:: ASSIGNMENT ::
All pictures are to be dropped, and the remaining data set down exactly.

:: INFORMATION SHOWN ::
-- -- --

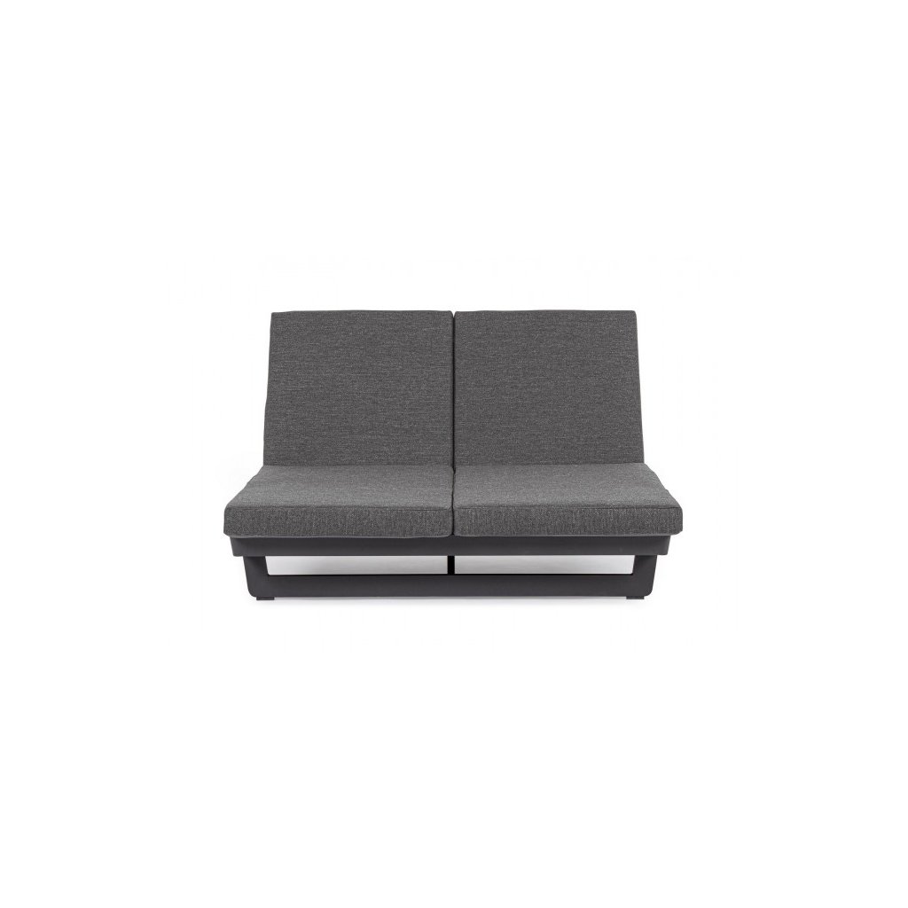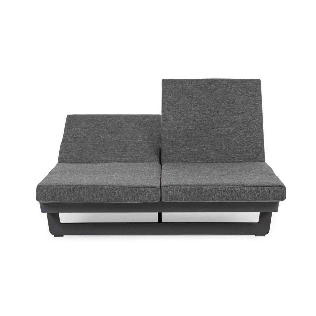 Designové dvoumístné polohovatelné venkovní lehátko INFINITY od italského výrobce stylového nábytku BIZZOTTO. Pevná konstrukce z antracitového práškovaného hliníku garantuje lehkost, pohodlnost a nadčasovost lehátka. Polohovatelná opěrka s pěti pozicemi se bude velmi hodit při opalování a čtení. Tmavý polštář z olefinové látky je odnímatelný a přizpůsobený k použití venku, jeho povlak můžete oddělit pro jednodušší praní. INFINITY má hliníková kola s pryžem, díky kterým bude manipulace s lehátkem velmi snadná. Poutavé lehátko v krásném tmavém provedení a s perfektním trendy designem.
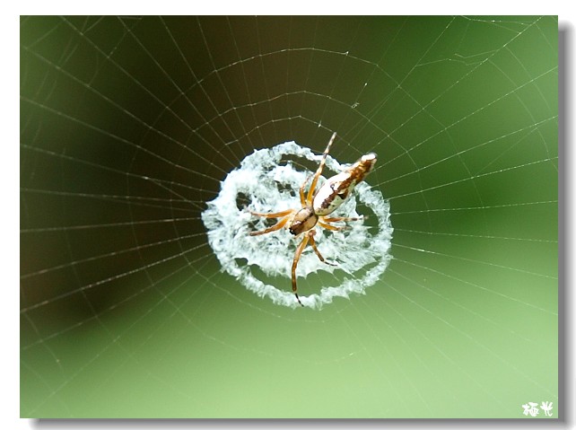 這隻身長不到一公分的銀白色蜘蛛,在圓形的蜘蛛網中結了漩渦般的白色隱帶,
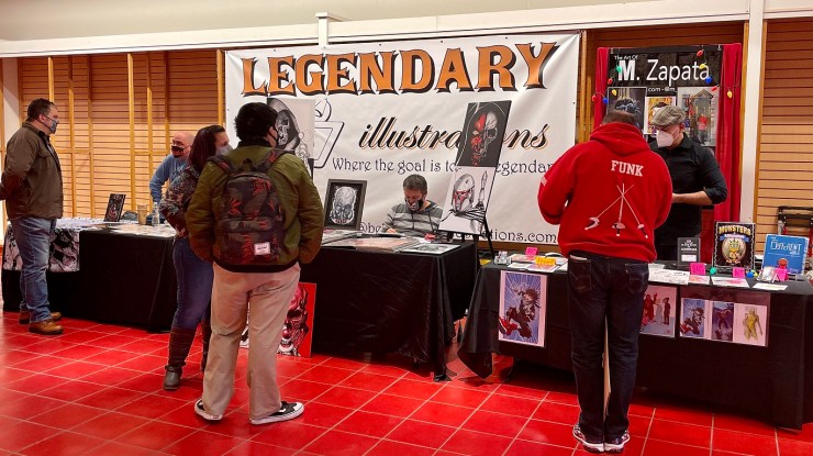 Tables were nicely spaced out along the perimeter of the area, allowing people to roam freely without crowds. All the while, you could find an amazing array of original art, prints, stickers, trading cards, and other mediums.
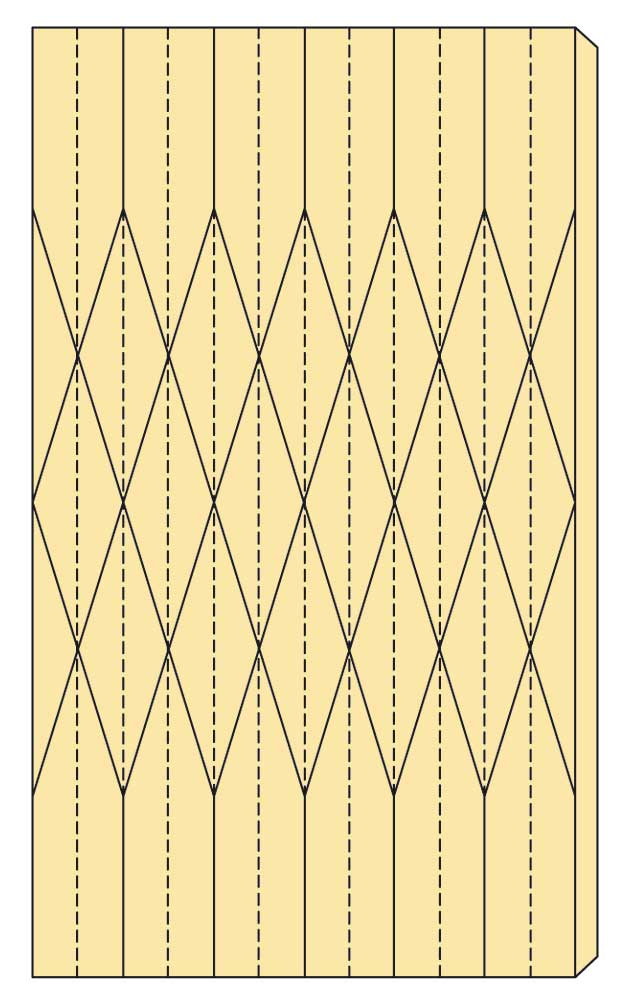 Največjo natančnost zahteva pregibanje papirja, pri katerem nastane zaporedje geometričnih likov. Vsako najmanjše popačenje linij poruši celotno estetsko ravnotežje. Razumljivo je, da sami prsti temu niso kos, zato uporabite močnejši šeleshamer papir in vse linije zgiba rahlo zarežite z olfa nožem na izbočeni strani. Na risbi so debelo narisane črte izbočene navzven zato jih na tej strani zarežete z nožem. Nasprotno od teh pa so črtkane črte vbočene, zato jih morate zarezati na hrbtni strani. Najbolj natančno to opravite, če sečišča prebodete s šivanko.
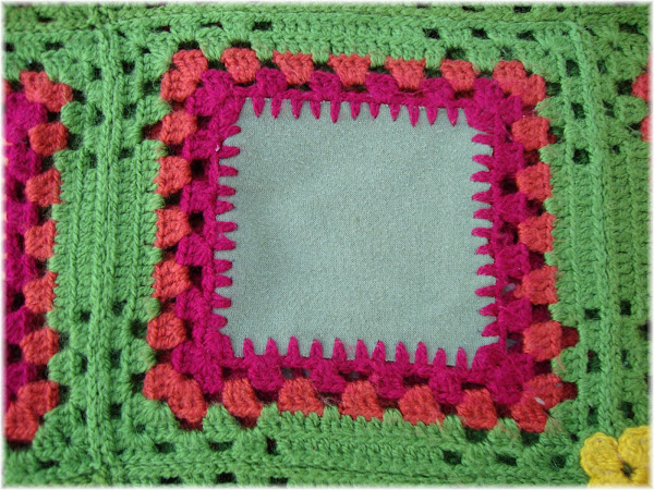 Va combinando recortes cuadrados de tela suave (tela polar de forros que se van quedando pequeños, animada también con el reciclaje) de varios colores, agujereados todo alrededor y rematados con ganchillo.

-- -- --

:: RESULT OF THE EXERCISE ::
 Designové dvoumístné polohovatelné venkovní lehátko INFINITY od italského výrobce stylového nábytku BIZZOTTO. Pevná konstrukce z antracitového práškovaného hliníku garantuje lehkost, pohodlnost a nadčasovost lehátka. Polohovatelná opěrka s pěti pozicemi se bude velmi hodit při opalování a čtení. Tmavý polštář z olefinové látky je odnímatelný a přizpůsobený k použití venku, jeho povlak můžete oddělit pro jednodušší praní. INFINITY má hliníková kola s pryžem, díky kterým bude manipulace s lehátkem velmi snadná. Poutavé lehátko v krásném tmavém provedení a s perfektním trendy designem.
 這隻身長不到一公分的銀白色蜘蛛,在圓形的蜘蛛網中結了漩渦般的白色隱帶,
 Tables were nicely spaced out along the perimeter of the area, allowing people to roam freely without crowds. All the while, you could find an amazing array of original art, prints, stickers, trading cards, and other mediums.
 Največjo natančnost zahteva pregibanje papirja, pri katerem nastane zaporedje geometričnih likov. Vsako najmanjše popačenje linij poruši celotno estetsko ravnotežje. Razumljivo je, da sami prsti temu niso kos, zato uporabite močnejši šeleshamer papir in vse linije zgiba rahlo zarežite z olfa nožem na izbočeni strani. Na risbi so debelo narisane črte izbočene navzven zato jih na tej strani zarežete z nožem. Nasprotno od teh pa so črtkane črte vbočene, zato jih morate zarezati na hrbtni strani. Najbolj natančno to opravite, če sečišča prebodete s šivanko.
 Va combinando recortes cuadrados de tela suave (tela polar de forros que se van quedando pequeños, animada también con el reciclaje) de varios colores, agujereados todo alrededor y rematados con ganchillo.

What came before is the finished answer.